Together with DNA methylation and histone marks, ncRNAs are critically involved in obesity and diabetes-related cardiovascular damage. Several miRNAs, including miR-320b, miR-29b, miR-1, miR-133a and miR-499 were found to be involved in the persistence of myocardial damage despite intensive glycemic control (53). Targeting these miRNAs, which are actively involved in myocardial fibrosis, hypertrophic growth, oxidative stress and autophagic response, may represent a potential strategy to prevent diabetic cardiomyopathy and heart failure (53). Along the same line, miR-34 and miR-218 were found to play a pivotal role in the diabetic heart (29). Specifically, miR-34 and miR-218 – respectively targeting deacetylase SIRT1 and methyltransferase DNMT3b - were found to be upstream regulators of chromatin accessibility, leading to persistent upregulation of oxidant genes despite restoration of normoglycemia (29). Zhong et al. have shown that several miRNAs persistently derail transcriptional programs in the vascular endothelium. In particular, miR-125b, miR-146a-5p, and miR-29a-3p – respectively targeting inflammatory cytokines TNF-α-induced protein 3 (TNFAIP3), TNF receptor-associated factor 6 (TRAF6) and IL-1 receptor (IL-1R) – were associated with a persistent impairment of endothelial function and altered expression of proinflammatory genes (54). Direct inhibition of miR-125b or miR-146a-5p overexpression blunted NF-kB-related signals and improved endothelial function (54). A further study showed that restoration of normoglycemia was not able to blunt miR-23b-3p upregulation in retinal endothelial cells, and this contributed to diabetic retinopathy through a SIRT1/NF-kB signalling pathway (55). In patients with T2DM, the expression of miR-326 – a direct modulator of adiponectin and adiponectin receptors (ADIPOR)-1, ADIPOR-2 - was elevated and negatively correlated with adiponectin levels. Of note, miR-326 upregulation was not affected by 12-months of antidiabetic treatment, suggesting its contributions to cardiometabolic disturbances, even in the presence of target HbA1c levels (56).

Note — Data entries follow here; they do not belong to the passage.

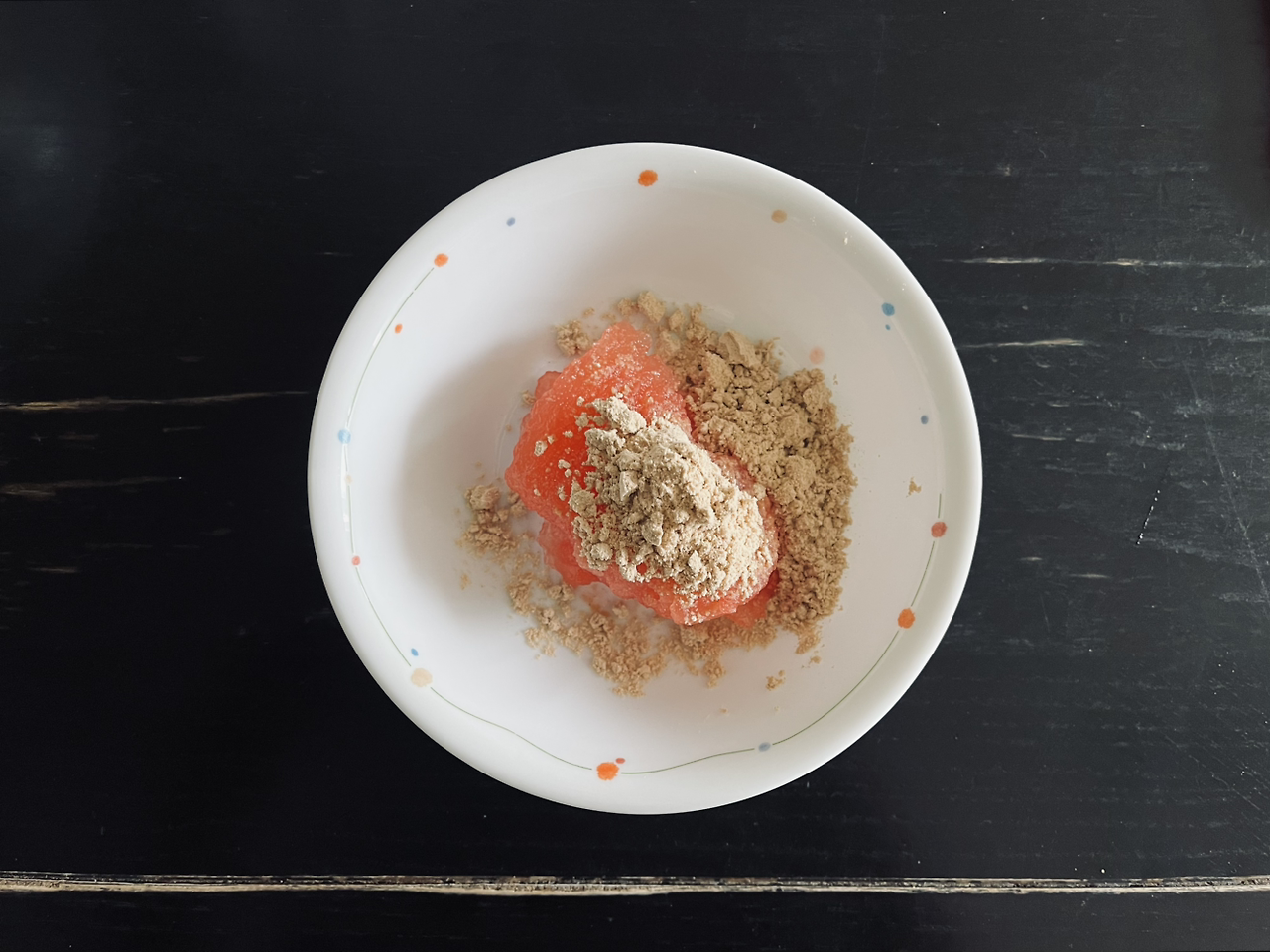 식탁 위, 반으로 나뉘어 비워진 수박껍질들 안에 자작하게 남은 검은 수박씨와 통에 가득 담긴 수박, 유리컵 안 밖에 남은 미숫가루의 흔적들, 그리고 열린 미숫가루 봉다리와 집게, 접시, 포크, 숟가락.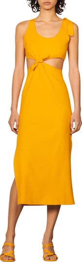Flirty cutouts are tied together by an oversized knot at the waist of a side-slit midi dress crafted in a citrusy hue.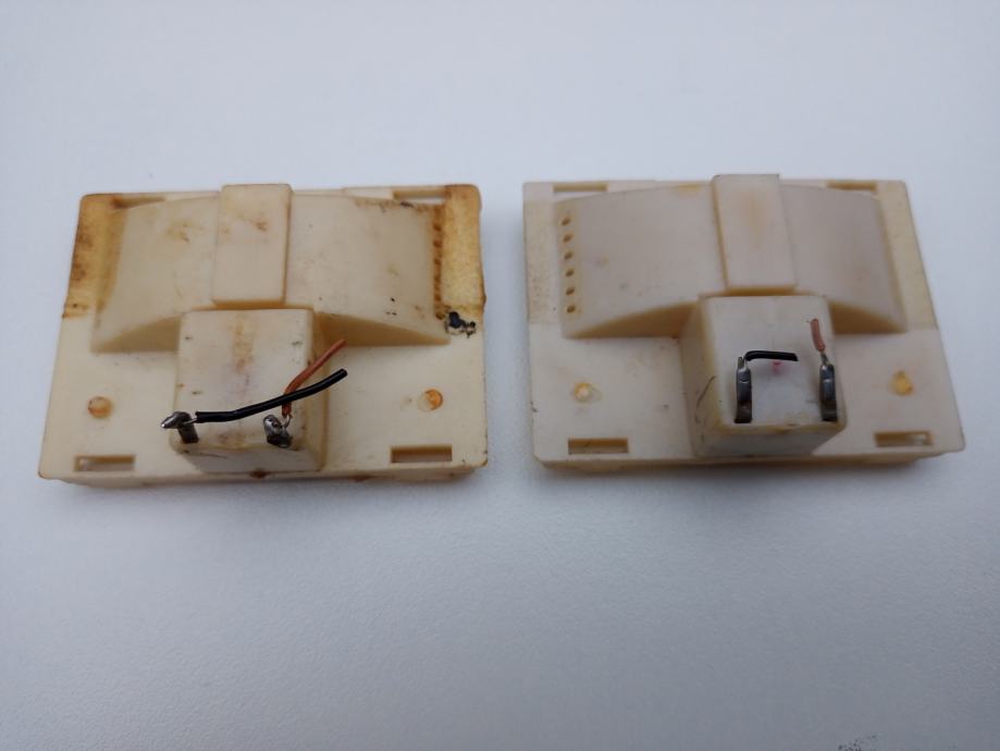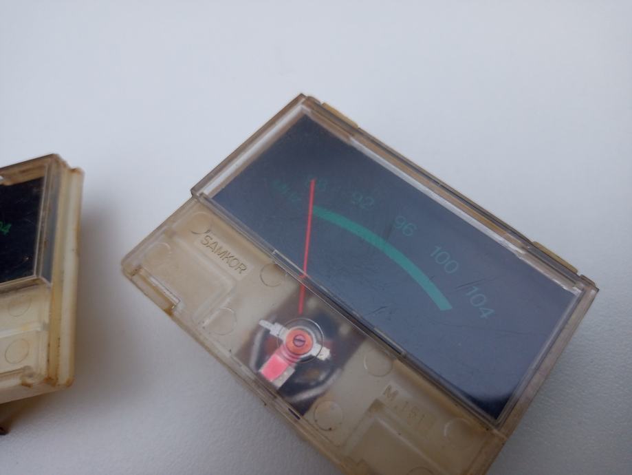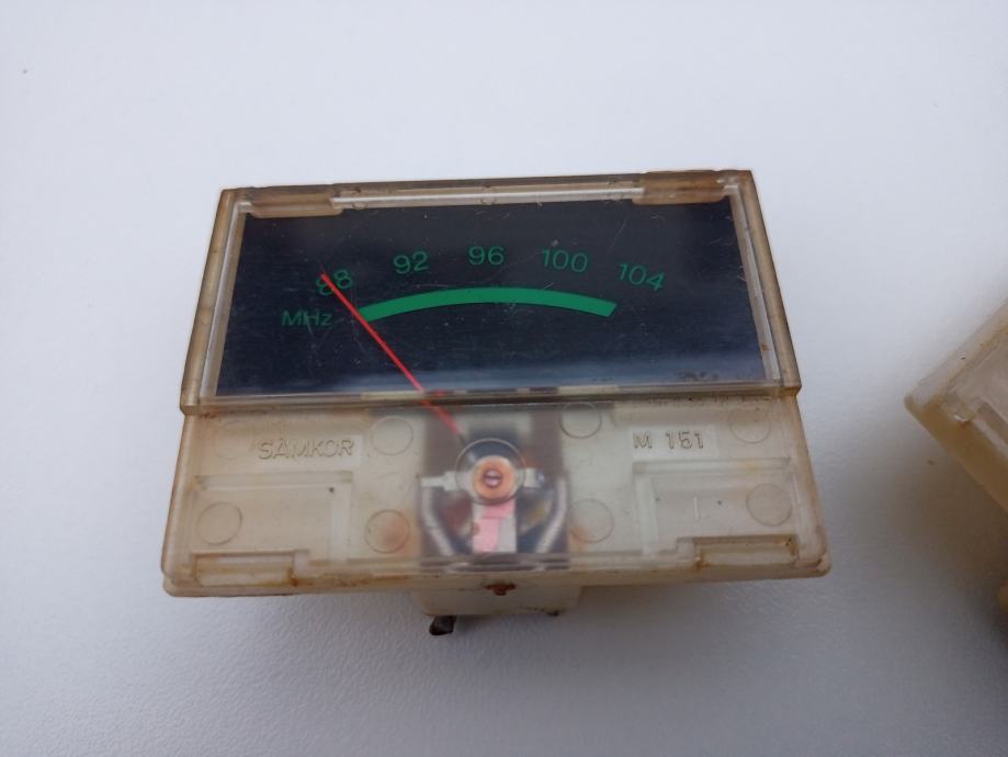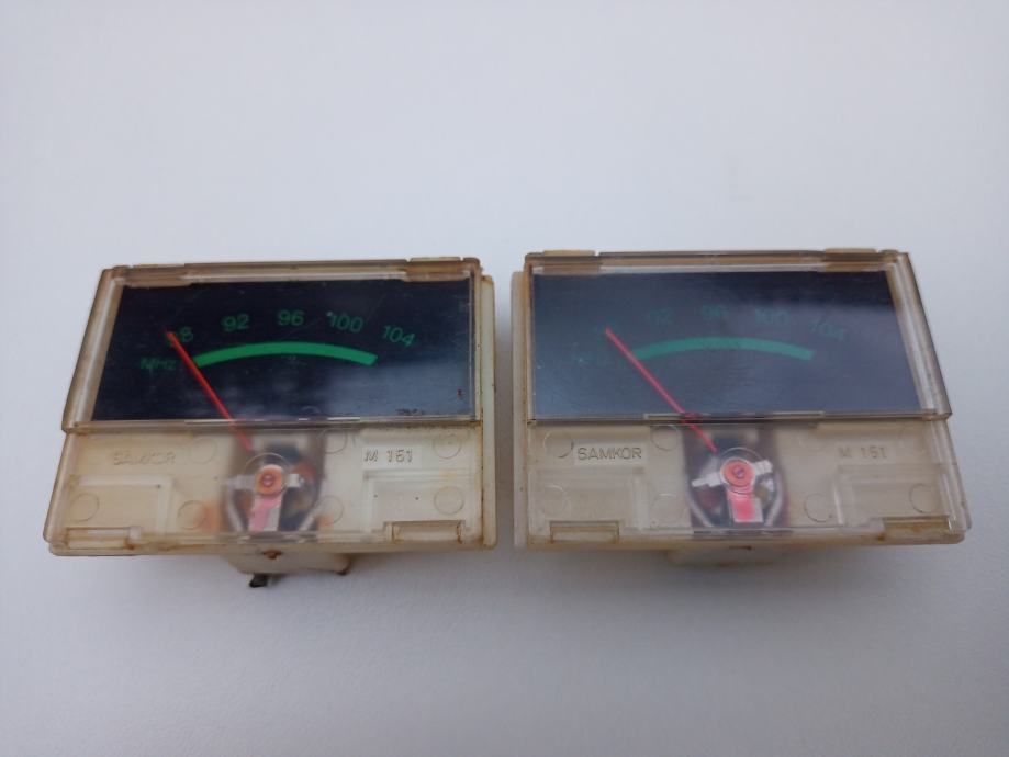 U paru za 10 € ili pojedinačno po 5 €, prodajem instrumente koji pokazuju FM frekvencije. Nisam zabilježio ni naziv proizvođača niti naziv modela uređaja kojemu su pripadali. Ispravni su, a provjereni su analognim multimetrom. Fotografije priložene uz oglas prikazuju ovdje oglašene predmete, a, na zahtjev kupca, mogu ih besplatno polirati. Mjere prozora, odnosno onoga što se vidi kada su ugrađeni su 60x29 mm (60.1 x 27.92), a mjere bijelog okvira su 64.27x46.29 mm. Nedostaju lampice i nosači lampica.

The emerging role of long non-coding RNAs

A growing body of evidence suggests the involvement of lncRNAs in the pathogenesis of vascular disease in conditions of metabolic stress (57). In a systematic transcriptional screening, Singh and colleagues found that out of 30,586 lncRNAs screened, 100 were upregulated and 186 downregulated in HUVECs cultured under high as compared to normal glucose conditions (58). Similarly, microarray analysis performed in lymphatic endothelial cells from diabetic and non-diabetic patients showed significant variations induced by hyperglycemia, with 31 lncRNAs downregulated and 79 lncRNAs upregulated (59). Among these signatures, several well-known lncRNAs were found, including H19, GAS5, UCA1, CRNDE, GAS5, and LINC00312. Interestingly, network analysis showed that these lncRNAs may be related to insulin reporter signalling pathway and response to insulin stimulus (59).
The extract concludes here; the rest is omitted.